Kevin Cox has always been an advocate for years, in that you should have some say in what happens with the data, about you, that is stored in big business.  The change to Australia’s Freedom of Information Act on 12 March this year has been a significant progression on this topic, part of the recent change is that you can ask an organisation to supply you the information on the data that is you, in the format you want.

What I have come to understand about personal clouds is that you’re not going to have to change anything that’s out there, a personal cloud is just another way to access data, when and where you want, on any device and in real time. A personal cloud transmits the data and simply provides a service. It makes connecting and sharing information safe, accommodating all the devices and operating systems that come and go in our lifetime.  The biggest disruption this will bring is the ability for you, yes you, to own and control your own data, granting permission for any individual, organisation or entity to access it.

“It will allow you to move information from one organisation to another organisation in a privacy friendly manner ” Cox said. This has the potential to make big business much more efficient. Can you imagine not having to fill-in any forms for a home loan? If you and the organisation (in this case, the bank) agree to share information then this is now possible. Even a simple thing like updating your contact details with all the entities you have relationships with; can now be done by you, through your smartphone at the tap of an authentication application.

From what I understand, the founding technology at Kevin Cox’s WLPC (White Label Personal Clouds) has been built in a lean start up methodology and is functional today. Business is free to build applications on this new underlying infrastructure. Authentication is the most critical element here, a product like WLPC allows a browsing end-user to be automatically known to the website.  You can request information about yourself and also control what the website knows about you. Logins will be replaced by a “common public key, private key PKI technology, https, and cookies.”
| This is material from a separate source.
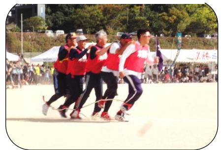
（二人三脚むかで競争）
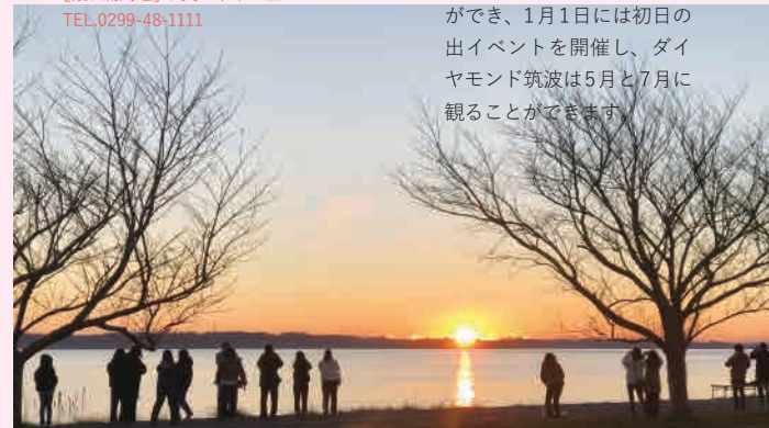
初日の出イベント：1月1日、ダイヤモンド筑波：5月中旬・7月下旬

霞ヶ浦周辺では季節によって様々な景色を楽しむことができ、1月1日には初日の出イベントを開催し、ダイヤモンド筑波は5月と7月に観ることができます。

You can then share data across the websites, at your discretion, based on your permissions. “When a person logs on to any website and authenticates themselves then a private public key pair is created.  The public key is put in the person’s browser, either directly or with cookies, and the private key is distributed securely to all WLPC enabled websites.  Methods of authentication, that the customer allows, are sent to all the WLPC enabled websites.  The public key/ private key match is reset periodically or whenever there is a new authentication event.”

Doc Searls referenced this change in computing to be as significant as when mainframes were replaced by PC’s and the ‘personal computer revolution’ changed the way business operated.  In the early 80’s, ‘personal computers’ was an oxymoron, several years later “corporate power became personal.” He alluded to the logical possibility that “people may be able to do more with big data than the companies can do themselves.” In the new world of the Internet of Things, devices have their own clouds and people that own the devices will own those clouds. Relationships between customers and companies are going to change. We will be in charge of our data like we are in charge of our devices. Every single thing has a collection of data and you have control and it’s useful to start to “think of the personal cloud as a zone of control.” PCs were not expected to enter big business, networking and the internet wasn’t either, followed by BYOD. While it’s hard to wrap your head around personal clouds, this too (like the disruptive technologies before it) will make business more efficient.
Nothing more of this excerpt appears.